In the entries below, begin at the line that has "2、进入首页,内置丰富的音乐曲库资源,也可以通过上方的搜素框进行关键词查找。", stop after the line that has "L'Union Bordeaux Bègles", and output those lines exactly with no pictures.

## The input
══════

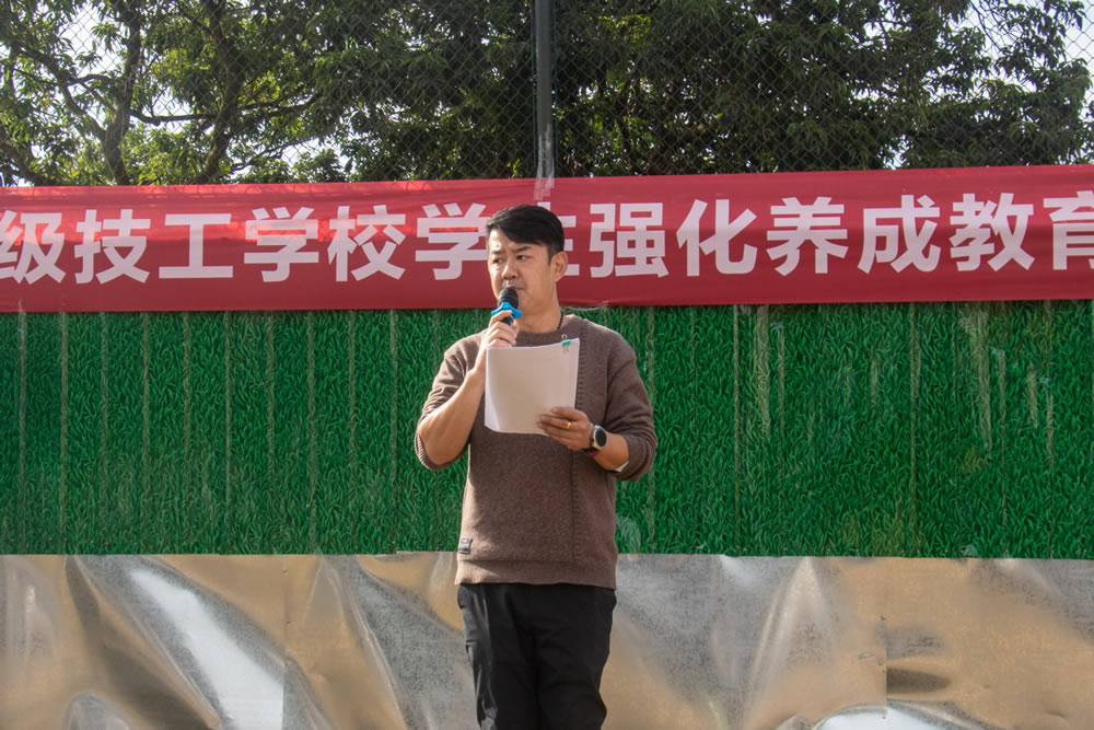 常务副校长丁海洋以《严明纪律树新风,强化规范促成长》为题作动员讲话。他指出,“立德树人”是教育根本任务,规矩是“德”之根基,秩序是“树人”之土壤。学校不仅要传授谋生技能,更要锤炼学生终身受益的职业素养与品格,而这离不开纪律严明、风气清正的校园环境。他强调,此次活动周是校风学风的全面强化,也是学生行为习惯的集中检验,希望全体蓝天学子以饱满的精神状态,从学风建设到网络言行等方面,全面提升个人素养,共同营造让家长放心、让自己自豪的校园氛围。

══════

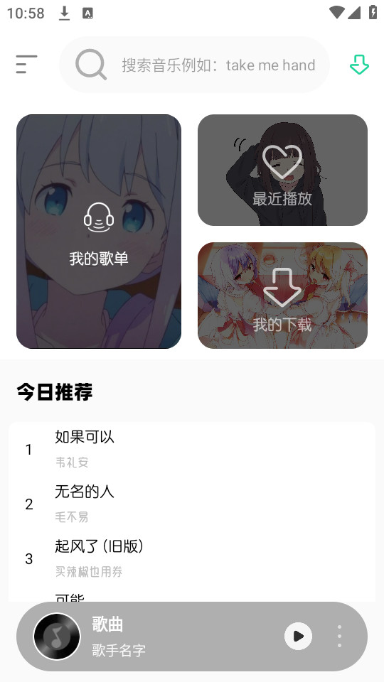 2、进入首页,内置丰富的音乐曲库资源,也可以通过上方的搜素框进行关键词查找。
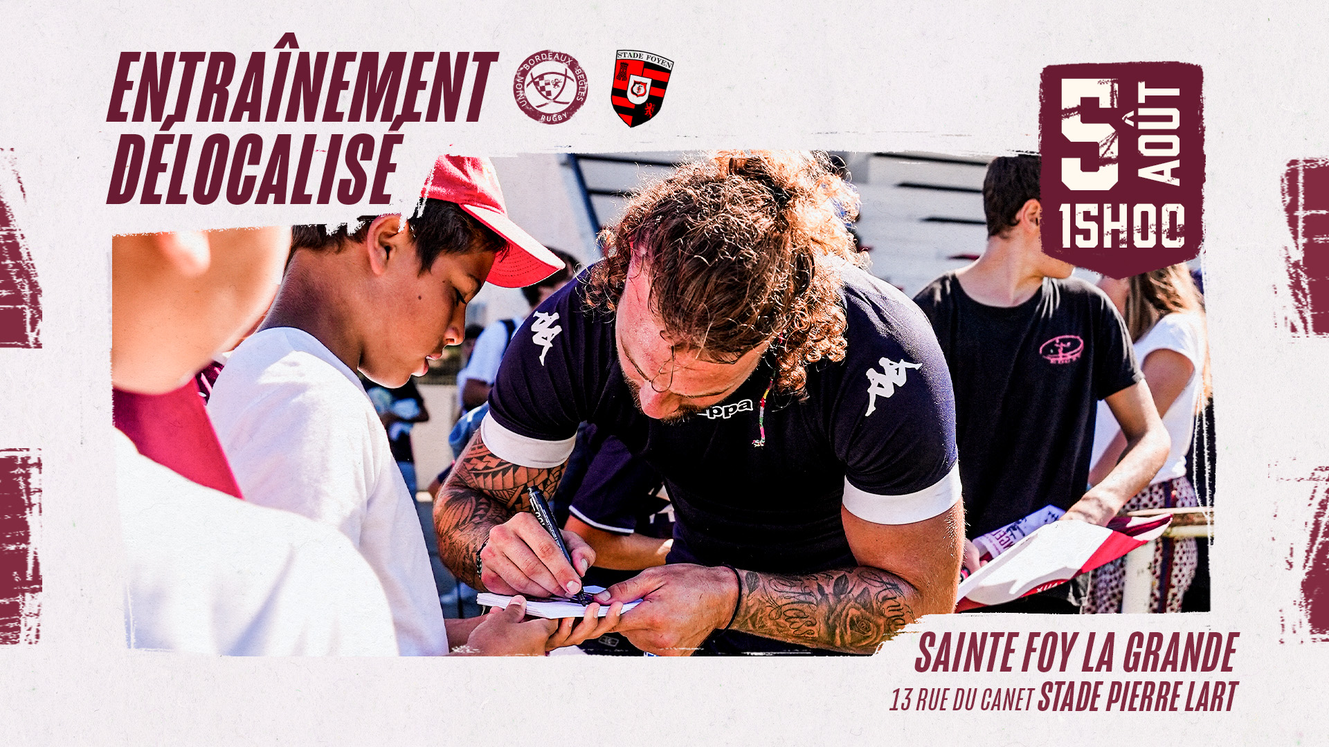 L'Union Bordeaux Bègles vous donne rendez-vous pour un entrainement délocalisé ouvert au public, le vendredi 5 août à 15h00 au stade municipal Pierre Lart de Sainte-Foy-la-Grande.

══════

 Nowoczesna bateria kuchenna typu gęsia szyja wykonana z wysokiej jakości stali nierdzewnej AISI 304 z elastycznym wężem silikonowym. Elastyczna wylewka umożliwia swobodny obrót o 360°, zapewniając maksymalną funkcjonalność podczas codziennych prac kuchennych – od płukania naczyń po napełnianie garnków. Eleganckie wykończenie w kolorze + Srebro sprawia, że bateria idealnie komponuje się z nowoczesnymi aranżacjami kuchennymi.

══════

## Worked solution
 2、进入首页,内置丰富的音乐曲库资源,也可以通过上方的搜素框进行关键词查找。
 L'Union Bordeaux Bègles vous donne rendez-vous pour un entrainement délocalisé ouvert au public, le vendredi 5 août à 15h00 au stade municipal Pierre Lart de Sainte-Foy-la-Grande.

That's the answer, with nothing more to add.